AIM OF THE TASK
Repeat exactly the stretch of lines that starts with the one containing "Sl.2. Pojava botritisa" and ends with the last line of the material. Leave out pictures.

---------- DATASET CONTENT

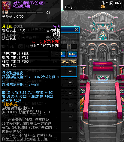 | 75 | 龙跃之自动手枪[3星] – 毁灭者 | *完成二次觉醒任务后可以从NPC小铁柱处获得此道具。 | ||
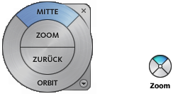 Das Rad für die Objektansicht ist für die allgemeine 3D-Navigation gedacht. Es beinhaltet das Umkreisen-Hilfsmittel für die 3D-Navigation. Mit dem Rad für die Objektansicht können Sie 3D-Objekte von außen untersuchen.
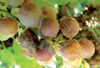 Sl.2. Pojava botritisa na škrletu nakon pucanja bobica zbog obilnih kiša u 2010. g.
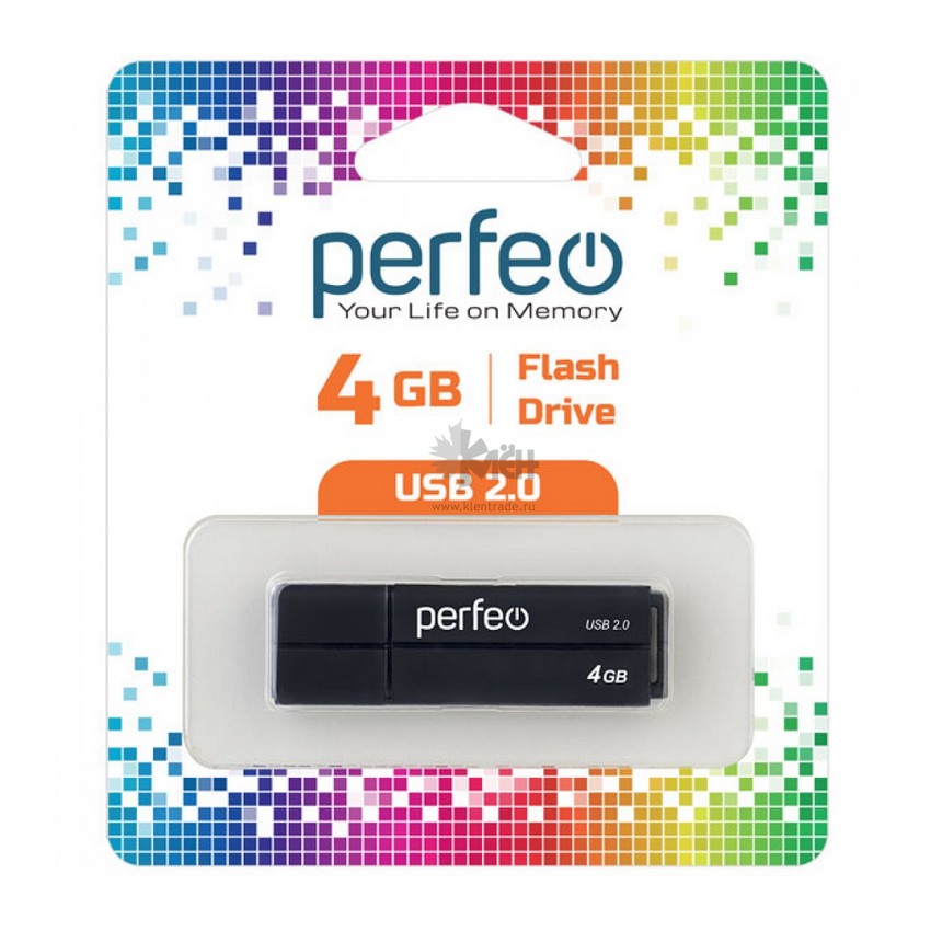 USB накопитель Perfeo C01G2 с колпачком, модель C01G2 объемом памяти 4GB, чёрного цвета имеет компактный размер.

--------------------

ANSWER AREA
 Sl.2. Pojava botritisa na škrletu nakon pucanja bobica zbog obilnih kiša u 2010. g.
 USB накопитель Perfeo C01G2 с колпачком, модель C01G2 объемом памяти 4GB, чёрного цвета имеет компактный размер.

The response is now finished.